Any thoughts/insights?
Is there a way to do it programatically without requiring numpy to be installed with setuptools? -- Robert Kern "I have come to believe that the whole world is an enigma, a harmless enigma that is made terrible by our own mad attempt to interpret it as though it had an underlying truth." -- Umberto Eco
On Wed, Jul 16, 2008 at 7:00 PM, Robert Kern <robert.kern@gmail.com> wrote:
Is there a way to do it programatically without requiring numpy to be installed with setuptools?
I think so, though I'm not 100% certain because I haven't finished the ipython work. So far what I have for ip is all nose mods done as a nose plugin. Right now that plugin needs to be installed as a true plugin (i.e. via setuptools), but IPython does NOT need to be installed via st. What I need to add is a way to run the testing via a python script (right now I use the command line, hence the requirement for the plugin to be really available to nose) that would correctly load and configure everything needed. I think under this scenario, it should be possible to load this plugin from a private package (IPython.testing.plugin) instead of the nose namespace, but that's the part I have yet to confirm with an actual implementation. Cheers, f
On Wed, Jul 16, 2008 at 10:00 PM, Robert Kern <robert.kern@gmail.com> wrote:
Is there a way to do it programatically without requiring numpy to be installed with setuptools?
There is; you have to pass a list of plugin instances to the constructor of TestProgram--all plugins that you might want to use, even the builtin ones. (As far as I know, that is.) The monkeypatching approach was the first one that I could make to work with the least amount of hassle, but it's definitely not the best way.

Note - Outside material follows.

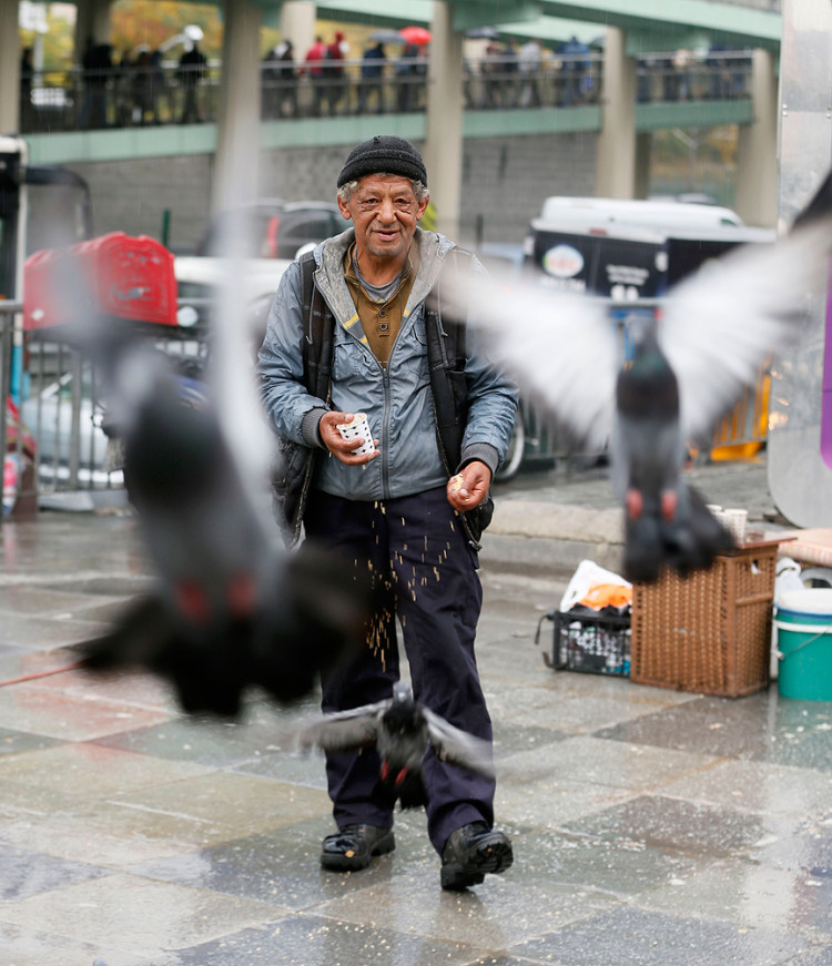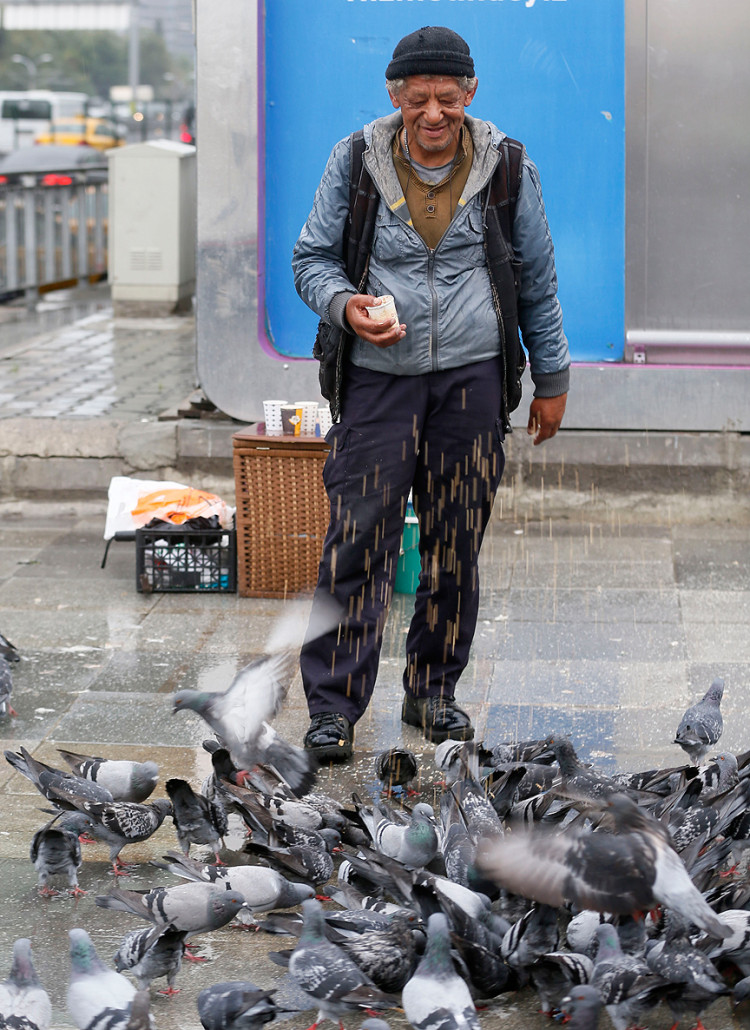 Bostancı, kuşlar için büyük yoğurt kaplarına su koyarken bir gencin yanına gelerek, kuşları velinimet olarak görüp görmediğini sorduğunu dile getirerek, "Asla!' dedim. Onlar benim evlatlarım. İnsanlar buğday almasalar bile ben onları beslemek zorundayım. İnsan evladını aç bırakabilir mi?" diye konuştu.

I only had to monkeypatch a couple of things at first, but as I figured out what the test framework needed to do, it just got worse, so I was beginning to get uncomfortable with it myself. (Honest! :) Once the NumPy and SciPy test suites are mostly fixed up to work under the current rules, I'll go back and use a method that doesn't require monkeypatching. It shouldn't have any effect on the public interface or the tests themselves. Since we're discussing this sort of thing, there's something I've been meaning to ask anyway: do we really need to allow end users to pass in arbitrary extra arguments to nose (via the extra_argv in test())? This seems to lock us in to having a mostly unobstructed path from test() through to an uncustomized nose backend.
On Wed, Jul 16, 2008 at 22:21, Alan McIntyre <alan.mcintyre@gmail.com> wrote:
On Wed, Jul 16, 2008 at 10:00 PM, Robert Kern <robert.kern@gmail.com> wrote:
Is there a way to do it programatically without requiring numpy to be installed with setuptools?
There is; you have to pass a list of plugin instances to the constructor of TestProgram--all plugins that you might want to use, even the builtin ones. (As far as I know, that is.)
The monkeypatching approach was the first one that I could make to work with the least amount of hassle, but it's definitely not the best way. I only had to monkeypatch a couple of things at first, but as I figured out what the test framework needed to do, it just got worse, so I was beginning to get uncomfortable with it myself. (Honest! :) Once the NumPy and SciPy test suites are mostly fixed up to work under the current rules, I'll go back and use a method that doesn't require monkeypatching. It shouldn't have any effect on the public interface or the tests themselves.
Sounds good.
Since we're discussing this sort of thing, there's something I've been meaning to ask anyway: do we really need to allow end users to pass in arbitrary extra arguments to nose (via the extra_argv in test())? This seems to lock us in to having a mostly unobstructed path from test() through to an uncustomized nose backend.
At least with other projects, I occasionally want to do things like run with --pdb-failure or --detailed-errors, etc. What exactly is extra_argv blocking? My preference, actually, is for the nosetests command to be able to run our tests correctly if at all possible. -- Robert Kern "I have come to believe that the whole world is an enigma, a harmless enigma that is made terrible by our own mad attempt to interpret it as though it had an underlying truth." -- Umberto Eco
On Wed, Jul 16, 2008 at 11:32 PM, Robert Kern <robert.kern@gmail.com> wrote:
Since we're discussing this sort of thing, there's something I've been meaning to ask anyway: do we really need to allow end users to pass in arbitrary extra arguments to nose (via the extra_argv in test())? This seems to lock us in to having a mostly unobstructed path from test() through to an uncustomized nose backend.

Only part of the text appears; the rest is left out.